__Your instructions__. Reproduce each line of the following material exactly, omitting the images.
(Beginning of Recorded data)
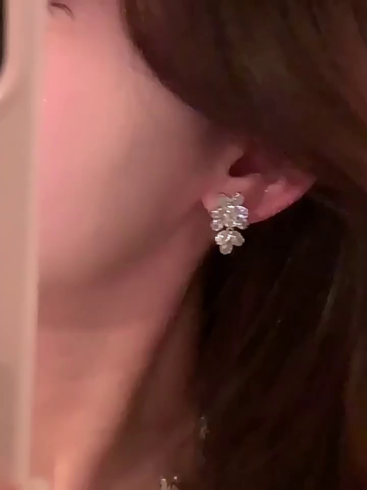 轻奢小众高级感耳钉网红耳饰S925银针百搭气质名媛锆石花朵耳钉女
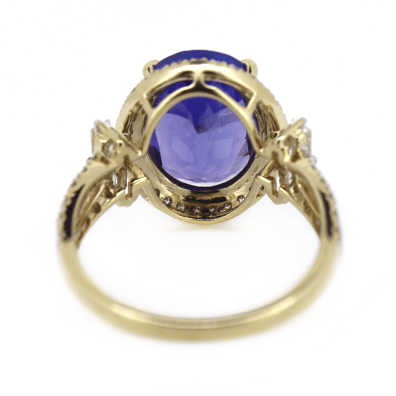 14K YELLOW GOLD, TANZANITE AND DIAMOND, HALO SPLIT BAND RING.
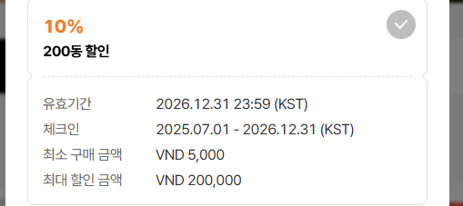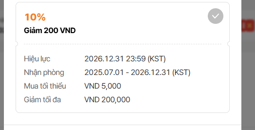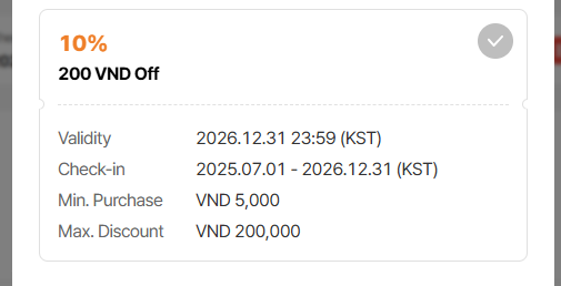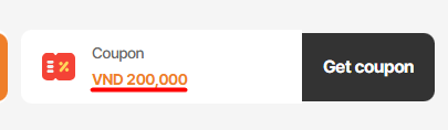 3. Max discount: Should show <currency> 200,000 (e,g, VND 200,000) => The discount will be displayed in orange
(End of Recorded data)
__Solution__.
 轻奢小众高级感耳钉网红耳饰S925银针百搭气质名媛锆石花朵耳钉女
 14K YELLOW GOLD, TANZANITE AND DIAMOND, HALO SPLIT BAND RING.
 3. Max discount: Should show <currency> 200,000 (e,g, VND 200,000) => The discount will be displayed in orange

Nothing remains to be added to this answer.